How can I match nested brackets using regex?

Question

As the title says, here is an example input:

 (outer
   (center
     (inner)
     (inner)
   center)
 ouer)
 (outer
   (inner)
 ouer)
 (outer
 ouer)

Of course, the matched strings will be processed by recursion.

I want the first recursion to match:

 [
 (outer
   (center
     (inner)
     (inner)
   center)
 ouer),
 (outer
   (inner)
 ouer),
 (outer
 ouer)]

And the after processes is needless to say...

Answer 1

Many regex implementations will not allow you to match an arbitrary amount of nesting.

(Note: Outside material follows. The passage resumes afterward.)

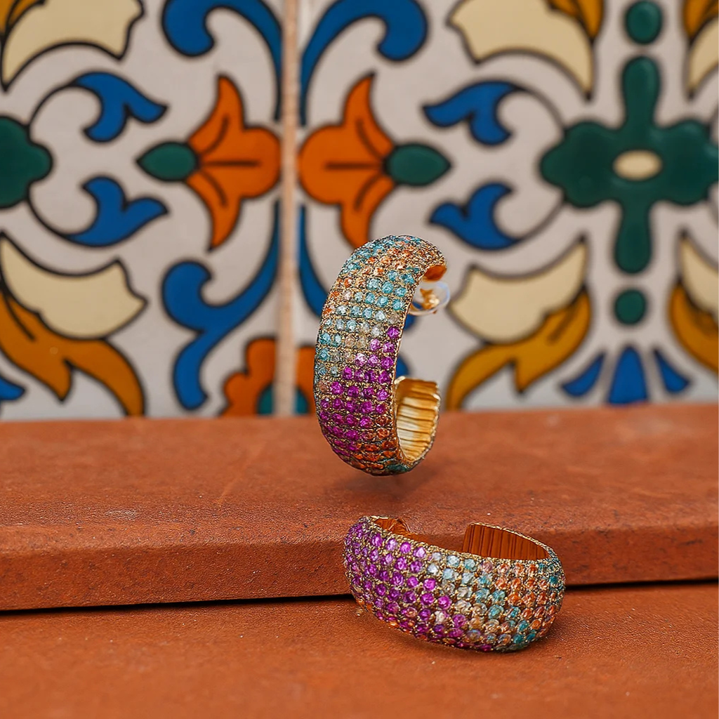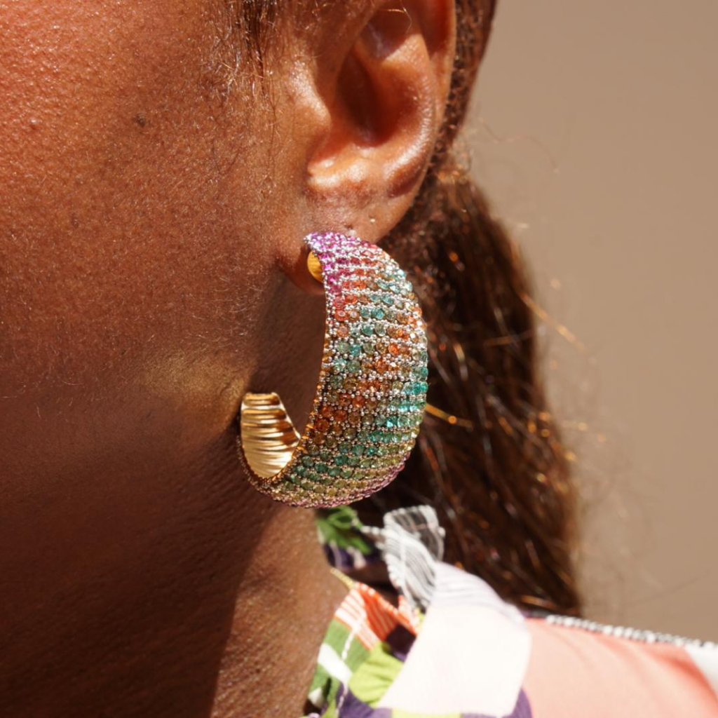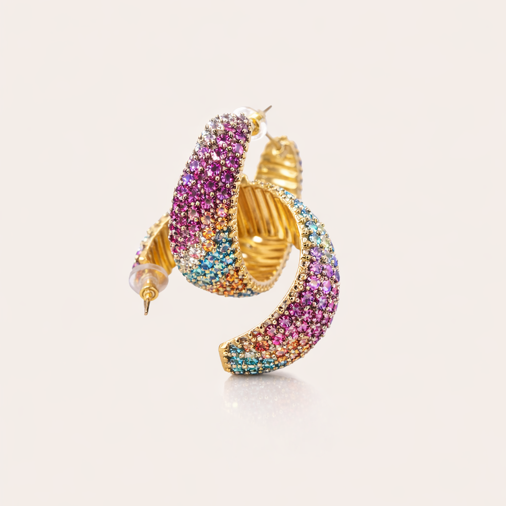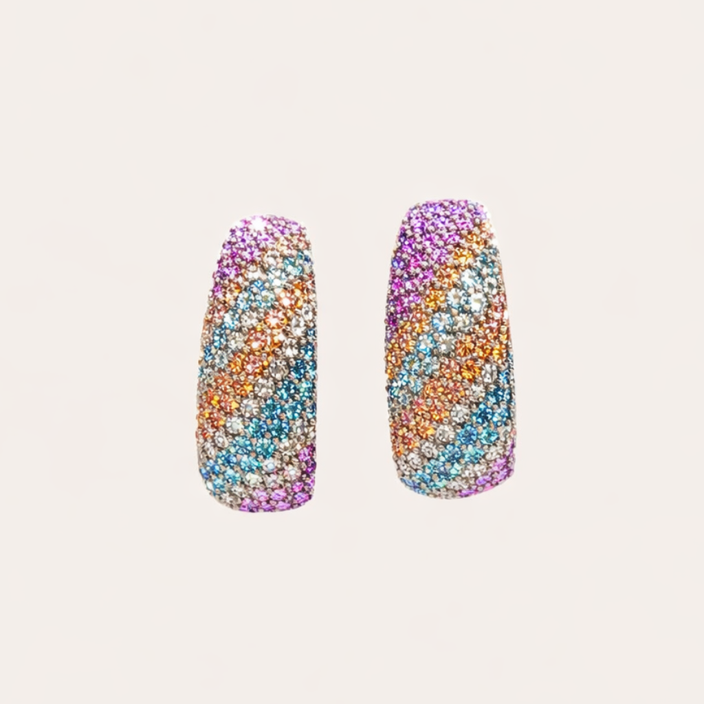 Deze oorbellen zijn bedekt met meerkleurige kristallen en hebben een zachte pastelglans. Perfect voor de zomer.
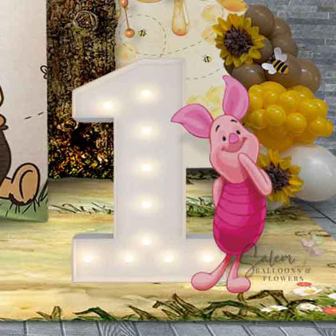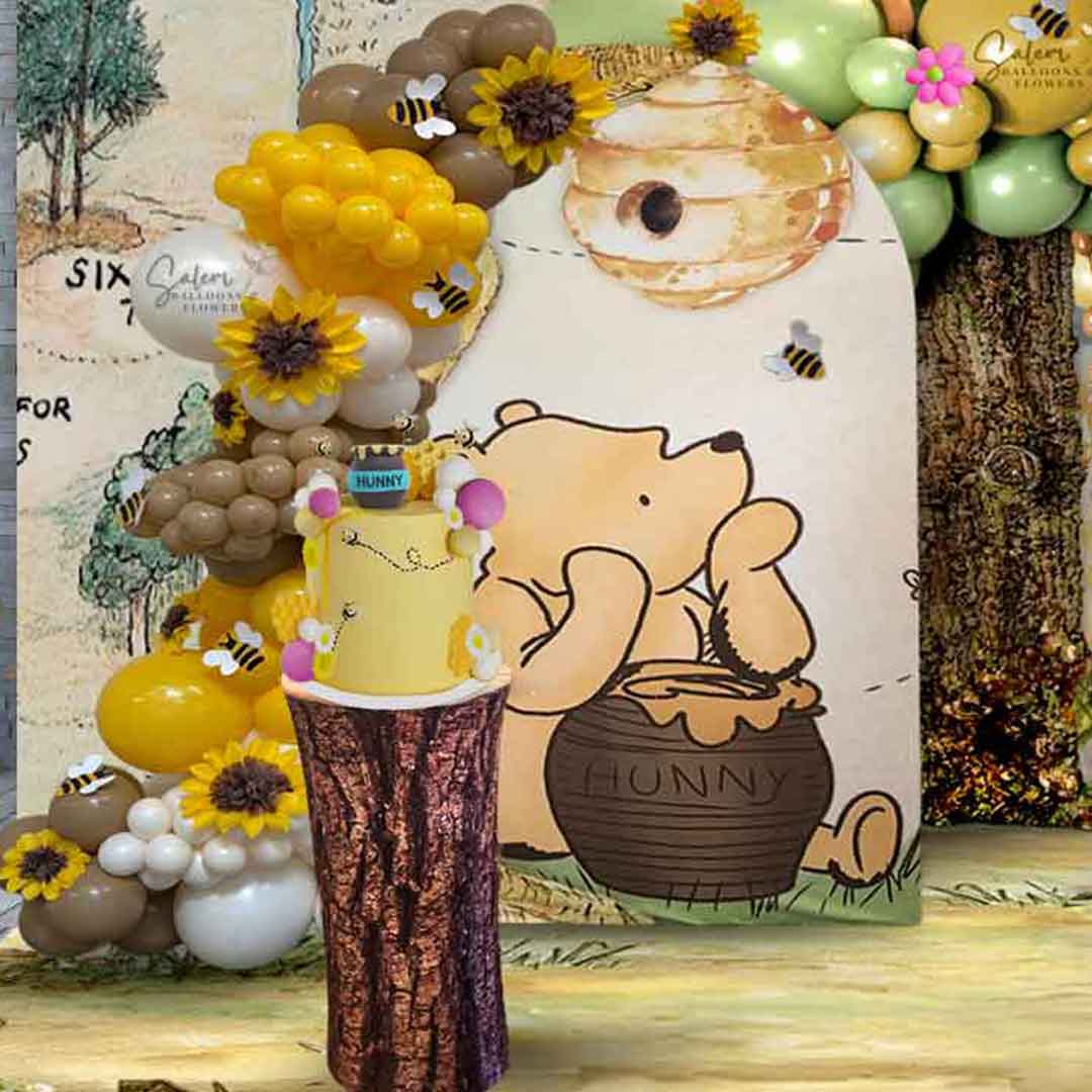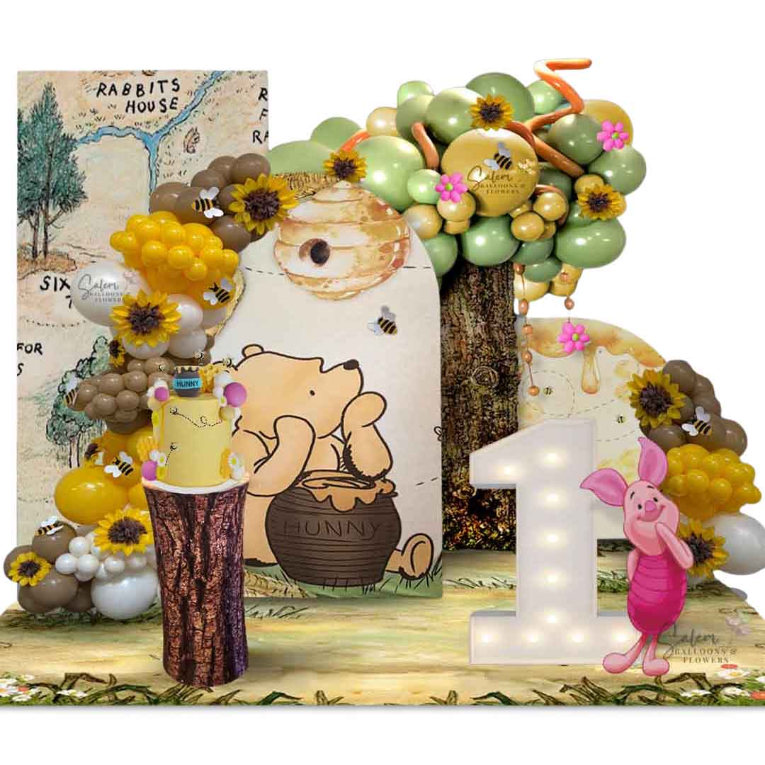 Celebrate with our "Sweet as Hunny" balloon décor, inspired by the Hundred Acre Wood. This bright setup features honey-gold balloons, sunflowers, bees, and Pooh’s “hunny pot,” plus a light-up number and cute Piglet cutout. Perfect for baby showers and first birthdays.

However, Perl, PHP and .NET support recursive patterns.

A demo in Perl:

#!/usr/bin/perl -w

my $text = '(outer
   (center
     (inner)
     (inner)
   center)
 ouer)
 (outer
   (inner)
 ouer)
 (outer
 ouer)';

while($text =~ /(\(([^()]|(?R))*\))/g) {
  print("----------\n$1\n");
}

which will print:

----------
(outer
   (center
     (inner)
     (inner)
   center)
 ouer)
----------
(outer
   (inner)
 ouer)
----------
(outer
 ouer)

Or, the PHP equivalent:

$text = '(outer
   (center
     (inner)
     (inner)
   center)
 ouer)
 (outer
   (inner)
 ouer)
 (outer
 ouer)';

preg_match_all('/(\(([^()]|(?R))*\))/', $text, $matches);

print_r($matches);

which produces:

Array
(
    [0] => Array
        (
            [0] => (outer
   (center
     (inner)
     (inner)
   center)
 ouer)
            [1] => (outer
   (inner)
 ouer)
            [2] => (outer
 ouer)
        )

...

An explanation:

(          # start group 1
  \(       #   match a literal '('
  (        #   group 2
    [^()]  #     any char other than '(' and ')'
    |      #     OR
    (?R)   #     recursively match the entir pattern
  )*       #   end group 2 and repeat zero or more times
  \)       #   match a literal ')'
)          # end group 1

EDIT

Note @Goozak's comment:

A better pattern might be \(((?>[^()]+)|(?R))*\) (from PHP:Recursive patterns). For my data, Bart's pattern was crashing PHP when it encountered a (long string) without nesting. This pattern went through all my data without problem.

Answer 2

Don't use regex.

Instead, a simple recursive function will suffice. Here's the general structure:

def recursive_bracket_parser(s, i):
    while i < len(s):
        if s[i] == '(':
            i = recursive_bracket_parser(s, i+1)
        elif s[i] == ')':
            return i+1
        else:
            # process whatever is at s[i]
            i += 1
    return i

For example, here's a function that will parse the input into a nested list structure:

def parse_to_list(s, i=0):
    result = []
    while i < len(s):
        if s[i] == '(':
            i, r = parse_to_list(s, i+1)
            result.append(r)
        elif s[i] == ')':
            return i+1, result
        else:
            result.append(s[i])
            i += 1
    return i, result

Calling this like parse_to_list('((a) ((b)) ((c)(d)))efg') produces the result [[['a'], ' ', [['b']], ' ', [['c'], ['d']]], 'e', 'f', 'g'].